Critics say cutting royalty rates will exacerbate an oversupply of crude and keep prices low, since operators with lower royalties will have an incentive to boost production.

"Charging producers less for taxpayer-owned oil and gas will not alter market headwinds facing the industry but it will costing taxpayers billions of dollars in revenue," Taxpayers for Common Sense president Steve Ellis said last month.

Oil state governors have raised concerns that cutting federal royalties, which are shared with states, will deprive them of needed revenue at a time they face massive budget shortfalls. The Western Governors Association, in a 3 April letter to Bernhardt, said suspending royalty collection would have a "direct negative effect on states."

BLM today defended its royalty relief policies, which it said have existed for decades and require operators to submit an application with financial data showing why a reduction is needed for a lease to keep producing. BLM is only approving requests when it is in the "best interest of conservation" of the resource or would encourage recovery of federal oil and gas resources, the agency said.

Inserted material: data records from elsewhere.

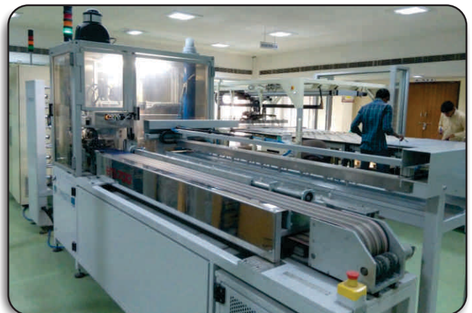
Automatic Stringer Machine installed at Factory premises

In line with market needs and "Make in India" initiative of Government of India and it's Green Energy Commitments, REIL has installed Automatic Stringer Machine with a capacity of processing 700 cells/hr to make solar string and this machine can process cut cells upto 40 mm.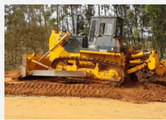
Model: Shantui SD22 QTY: 1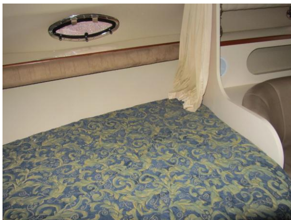
Cruiser 28 Master berth STBD side Photo #2

"These longstanding processes help ensure America has a stable long-term energy supply and provide long-term value to American taxpayers," BLM said.

US independents Kirkwood Oil & Gas, Lonesome Oil & Gas and Nerd Gas are listed as lessees on many of the 76 royalty reductions approved so far for leases in Utah. The companies filed their requests about a week after the administration announced that it would not allow blanket relief. Kirkwood did not immediately respond for comment. Lonesome and Nerd Gas could not immediately be reached for comment.

Offshore producers face a more complicated process for seeking royalty relief that often takes months to complete. The US Bureau of Safety and Environmental Enforcement, which manages that process, had not received any royalty relief requests this year as of 6 May.